Вы читаете ознакомительный отрывок. Если книга вам понравилась, вы можете купить полную версию и продолжить читать

Это самое (сборник)

   Наряду с лучшими поэтическими образцами из сборников «Сизифов грех» (1994), «Вторая рапсодия» (2000) и «Эссенции» (2008) в настоящей книге представлены стихи Валентина Бобрецова, не печатавшиеся прежде, философская лирика в духе «русского экзистенциализма» – если воспользоваться термином Романа Гуля.

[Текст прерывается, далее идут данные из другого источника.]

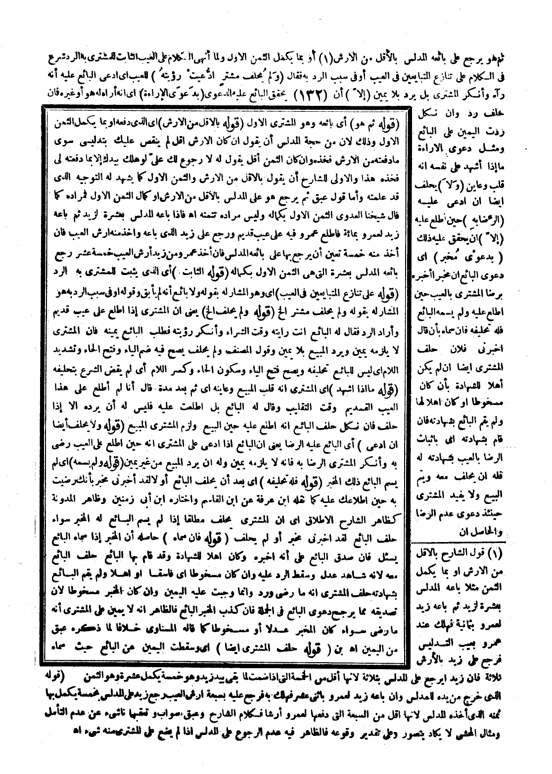 وَلَمَّا أَنْهَى الْكَلَامَ عَلَى الْعَيْبِ الثَّابِتِ لِلْمُشْتَرِي بِهِ الرَّدُّ شَرَعَ فِي الْكَلَامِ عَلَى تَنَازُعِ الْمُتَبَايِعَيْنِ فِي الْعَيْبِ، أَوْ فِي سَبَبِ الرَّدِّ بِهِ فَقَالَ (وَلَمْ يَحْلِفْ مُشْتَرٍ اُدُّعِيَتْ رُؤْيَتُهُ) لِلْعَيْبِ أَيْ ادَّعَى الْبَائِعُ عَلَيْهِ أَنَّهُ رَآهُ وَأَنْكَرَ الْمُشْتَرِي بَلْ يَرُدُّ بِلَا يَمِينٍ (إلَّا) أَنْ يُحَقِّقَ الْبَائِعُ عَلَيْهِ الدَّعْوَى (بِدَعْوَى الْإِرَاءَةِ) أَيْ أَنَّهُ أَرَاهُ لَهُ هُوَ، أَوْ غَيْرُهُ، فَإِنْ حَلَفَ رَدَّ، وَإِنْ نَكَلَ رُدَّتْ الْيَمِينُ عَلَى الْبَائِعِ وَمِثْلُ دَعْوَى الْإِرَاءَةِ مَا إذَا أَشْهَدَ عَلَى نَفْسِهِ أَنَّهُ قَلَّبَ وَعَايَنَ (وَلَا) يَحْلِفُ أَيْضًا إنْ ادَّعَى عَلَيْهِ (الرِّضَا بِهِ) حِينَ اطَّلَعَ عَلَيْهِ (إلَّا) أَنْ يُحَقِّقَ عَلَيْهِ ذَلِكَ (بِدَعْوَى مُخْبِرٍ) أَيْ دَعْوَى الْبَائِعِ أَنَّ مُخْبِرًا أَخْبَرَهُ بِرِضَا الْمُشْتَرِي بِالْعَيْبِ حِينَ اطَّلَعَ عَلَيْهِ وَلَمْ يُسَمِّهِ الْبَائِعُ فَلَهُ تَحْلِيفُهُ، فَإِنْ سَمَّاهُ بِأَنْ قَالَ أَخْبَرَنِي فُلَانٌ حَلِفَ الْمُشْتَرِي أَيْضًا إنْ لَمْ يَكُنْ أَهْلًا لِلشَّهَادَةِ بِأَنْ كَانَ مَسْخُوطًا، أَوْ كَانَ أَهْلًا لَهَا وَلَمْ يَقُمْ الْبَائِعُ بِشَهَادَتِهِ، فَإِنْ قَامَ بِشَهَادَتِهِ أَيْ بِإِثْبَاتِ الرِّضَا بِالْعَيْبِ بِشَهَادَتِهِ لَهُ فَلَهُ أَنْ يَحْلِفَ مَعَهُ وَيُتِمَّ الْبَيْعَ وَلَا يُفِيدُ الْمُشْتَرِي حِينَئِذٍ دَعْوَى عَدَمِ الرِّضَا وَالْحَاصِلُ أَنَّ
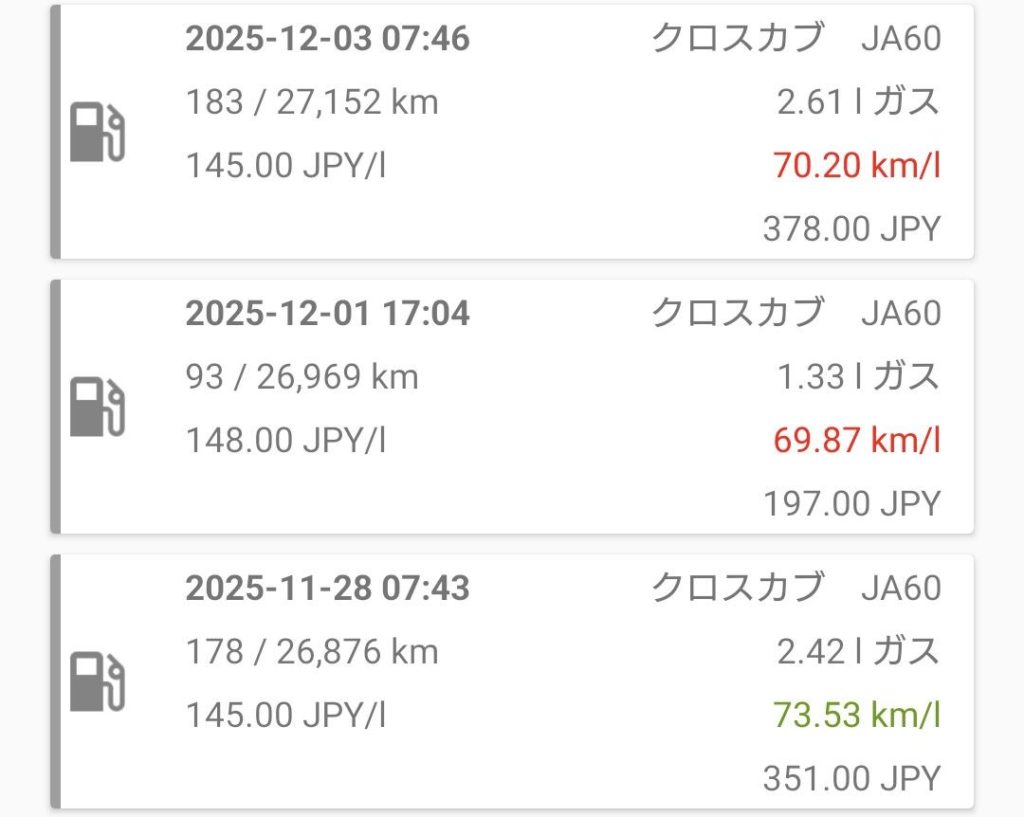 まだ15℃前後あるので真冬には遠いけど最近の燃費はというと
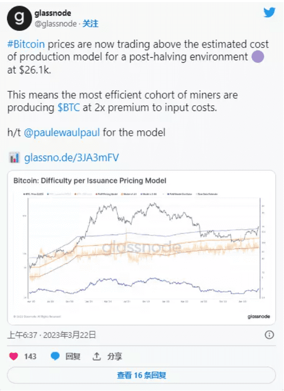 根据 Glassnode 的数据,在 BTC 突破 2.61 万美元的门槛后,高效的矿工群体在他们的采矿设备上获得了 2 倍的溢价。BTC 价格的飙升为矿工创造了积极的环境,许多人赚取了更多收入。
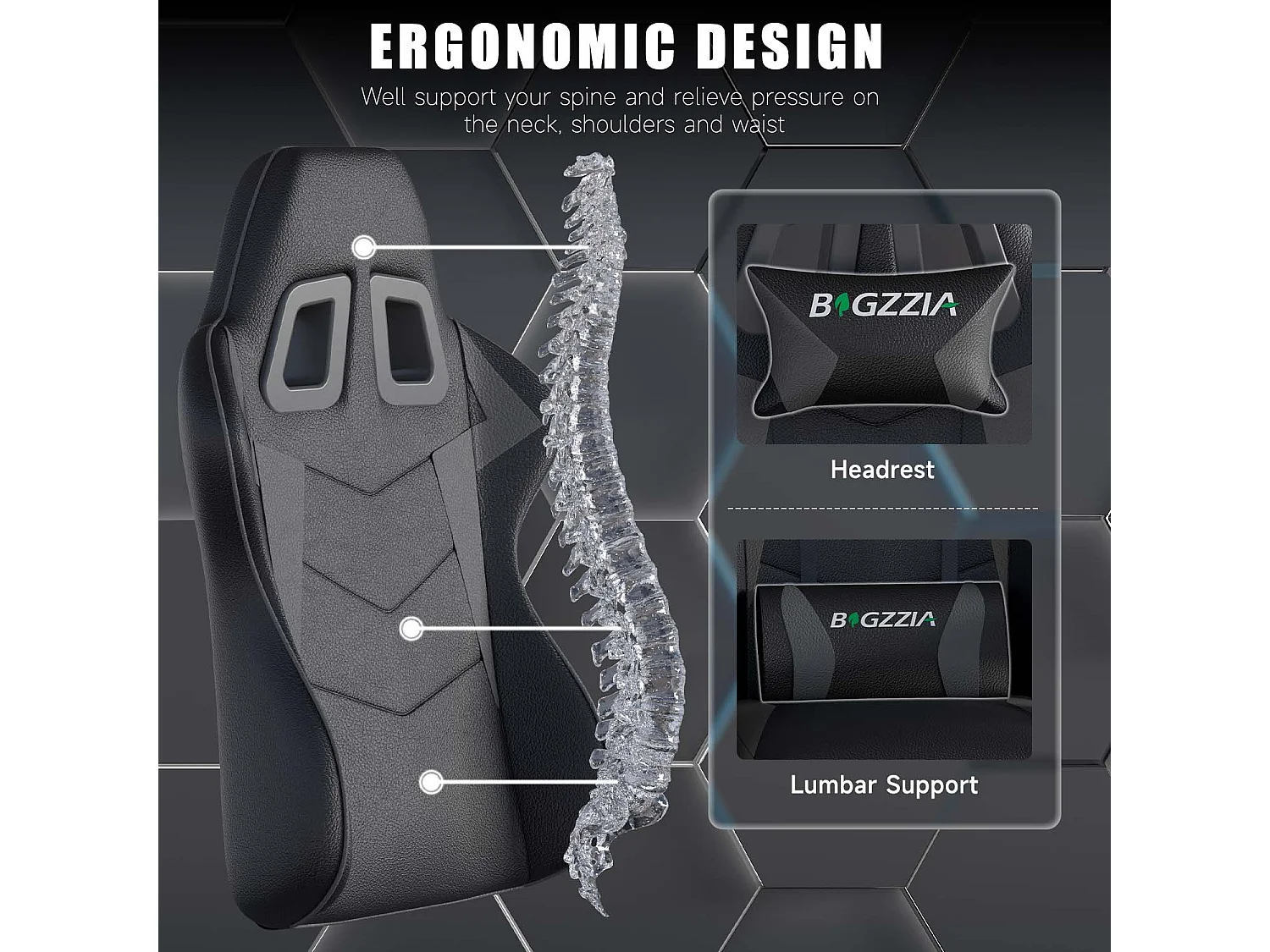 Fauteuil de gaming inclinable à dossier haut en cuir PU, avec appui-tête et soutien lombaire
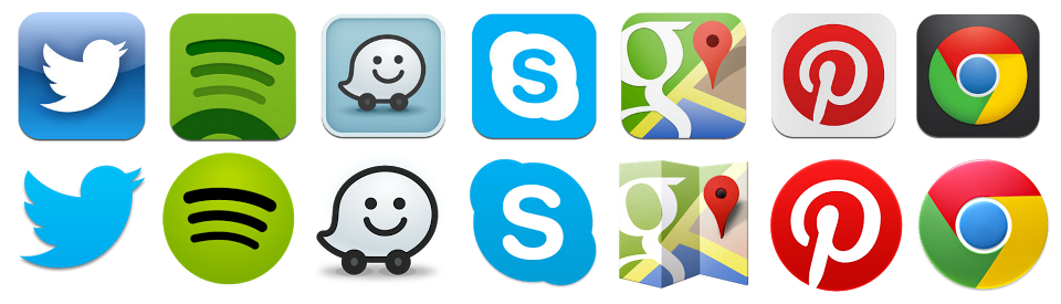 L’icône de l’application est le premier rendrez-vous entre votre marque et les utilisateurs. Si sur iOS, votre icône doit respecter le standard carré arrondi, sur Android, vous pouvez utiliser votre logo tel que, sans modification ni surplus et ainsi faire valoir votre marque... profitez-en ! Voici quelques exemples d’applications connues :
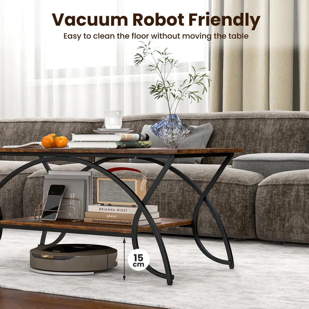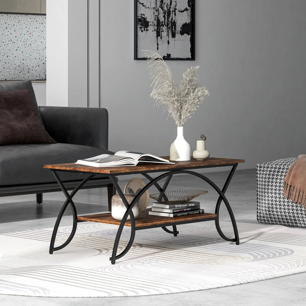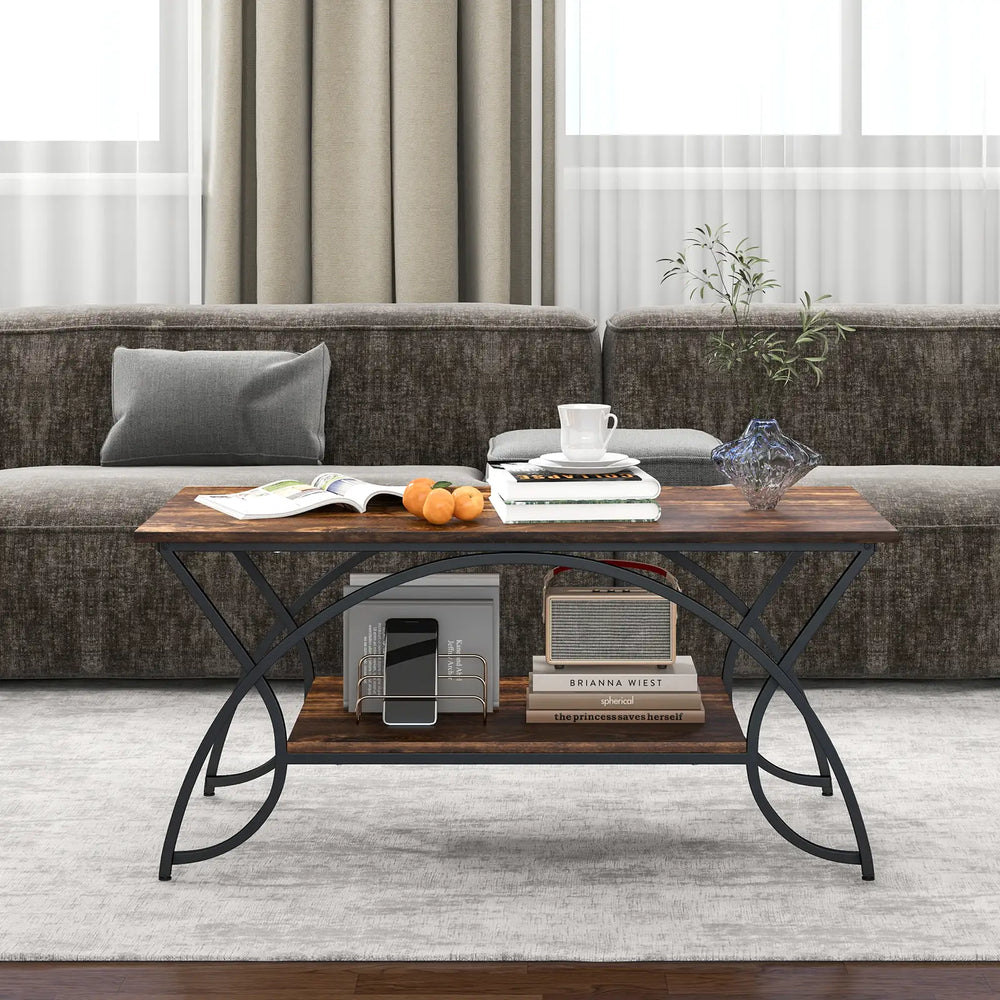 Color: White & Golden/White & Black/Dark Brown/Rustic Brown Material: Engineered wood, steel Overall dimensions: 39.5" x 19.5" x 18" (L x W x H) Weight capacity of tabletop: 110 lbs Weight capacity of shelf: 44 lbs Net weight: 26 lbs Package includes: 1 x Coffee table 1 x User manual
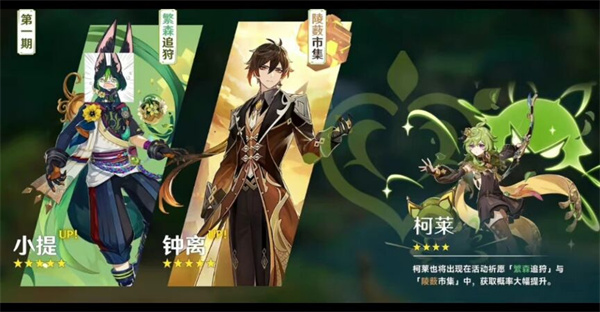 (一)上半:提纳里+钟离(+四星柯莱),预计持续21天。
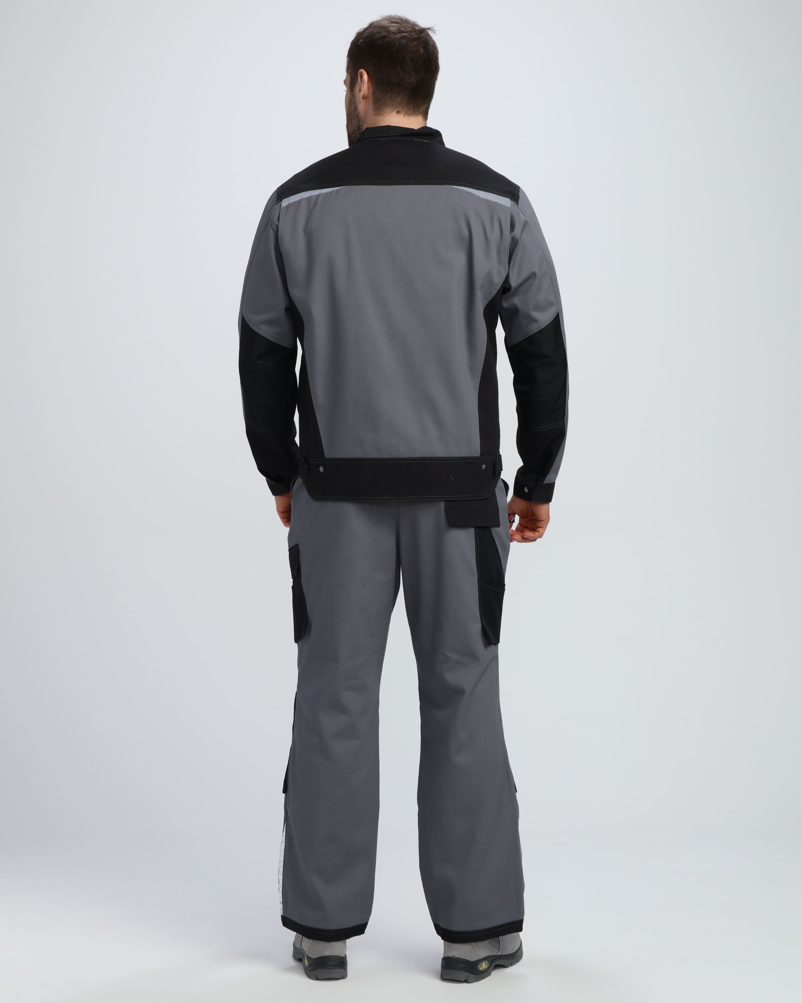 Куртка может быть комплектована с брюками и полукомбинезоном "Милан" для создания полноценного рабочего костюма, обеспечивающего комплексную защиту и унифицированный профессиональный вид рабочей команды.
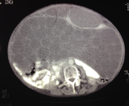Imagen 1. Se aprecia  desplazamiento de asas intestinales y ambos riñones en sentido dorsal
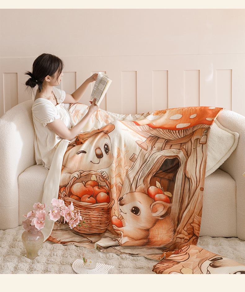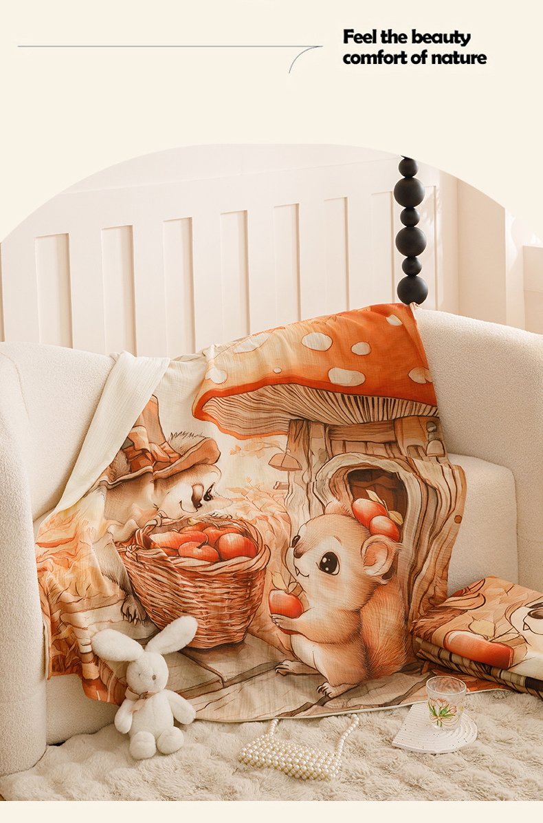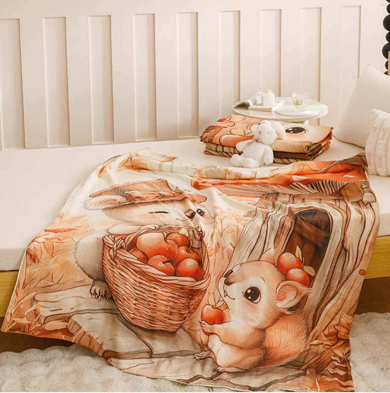 悦然毛巾被 2025新款全棉六层纱布卡通儿童夏被-儿童床 松宝果趣

Валентин Бобрецов Это самое (сборник)

   © Бобрецов В., текст, 2013
   © «Геликон Плюс», макет, 2013

   Все права защищены. Никакая часть электронной версии этой книги не может быть воспроизведена в какой бы то ни было форме и какими бы то ни было средствами, включая размещение в сети Интернет и в корпоративных сетях, для частного и публичного использования без письменного разрешения владельца авторских прав.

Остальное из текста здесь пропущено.